* _Raw data_:
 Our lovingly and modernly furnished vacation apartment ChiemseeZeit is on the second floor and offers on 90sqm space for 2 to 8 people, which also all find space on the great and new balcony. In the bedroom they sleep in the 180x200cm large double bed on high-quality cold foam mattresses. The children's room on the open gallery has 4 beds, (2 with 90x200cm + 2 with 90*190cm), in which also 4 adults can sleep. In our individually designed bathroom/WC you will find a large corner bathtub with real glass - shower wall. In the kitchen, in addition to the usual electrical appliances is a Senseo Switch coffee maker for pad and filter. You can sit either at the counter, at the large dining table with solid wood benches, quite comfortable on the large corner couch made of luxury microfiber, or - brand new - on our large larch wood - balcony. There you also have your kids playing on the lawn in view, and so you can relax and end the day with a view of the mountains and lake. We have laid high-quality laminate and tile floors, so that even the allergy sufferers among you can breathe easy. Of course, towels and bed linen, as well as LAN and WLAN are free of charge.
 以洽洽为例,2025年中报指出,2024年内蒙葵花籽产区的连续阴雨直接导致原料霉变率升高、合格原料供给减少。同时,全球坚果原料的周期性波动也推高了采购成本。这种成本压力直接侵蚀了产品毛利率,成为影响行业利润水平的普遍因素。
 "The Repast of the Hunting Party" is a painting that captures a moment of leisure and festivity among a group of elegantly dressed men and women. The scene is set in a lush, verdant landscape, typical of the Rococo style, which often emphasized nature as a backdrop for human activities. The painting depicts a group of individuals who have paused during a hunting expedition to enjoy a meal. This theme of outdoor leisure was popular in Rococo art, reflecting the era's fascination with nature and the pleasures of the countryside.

---

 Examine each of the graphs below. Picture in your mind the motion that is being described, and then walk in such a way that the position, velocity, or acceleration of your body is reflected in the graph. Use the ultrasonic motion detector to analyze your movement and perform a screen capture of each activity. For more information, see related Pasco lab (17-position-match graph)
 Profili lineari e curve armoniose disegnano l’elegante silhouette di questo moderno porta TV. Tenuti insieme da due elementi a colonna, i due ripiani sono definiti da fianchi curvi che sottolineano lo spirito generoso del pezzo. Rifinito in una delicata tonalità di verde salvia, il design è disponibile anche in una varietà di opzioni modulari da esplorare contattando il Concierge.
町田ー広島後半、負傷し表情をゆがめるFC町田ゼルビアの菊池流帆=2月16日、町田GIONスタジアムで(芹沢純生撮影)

* _Problem to solve_: Each line above from the one with "Profili lineari e" up to and including the one with "町田ー広島後半、負傷し表情を" must be set down exactly, and no line outside that span may appear.

* _Answer to the exercise_:
 Profili lineari e curve armoniose disegnano l’elegante silhouette di questo moderno porta TV. Tenuti insieme da due elementi a colonna, i due ripiani sono definiti da fianchi curvi che sottolineano lo spirito generoso del pezzo. Rifinito in una delicata tonalità di verde salvia, il design è disponibile anche in una varietà di opzioni modulari da esplorare contattando il Concierge.
町田ー広島後半、負傷し表情をゆがめるFC町田ゼルビアの菊池流帆=2月16日、町田GIONスタジアムで(芹沢純生撮影)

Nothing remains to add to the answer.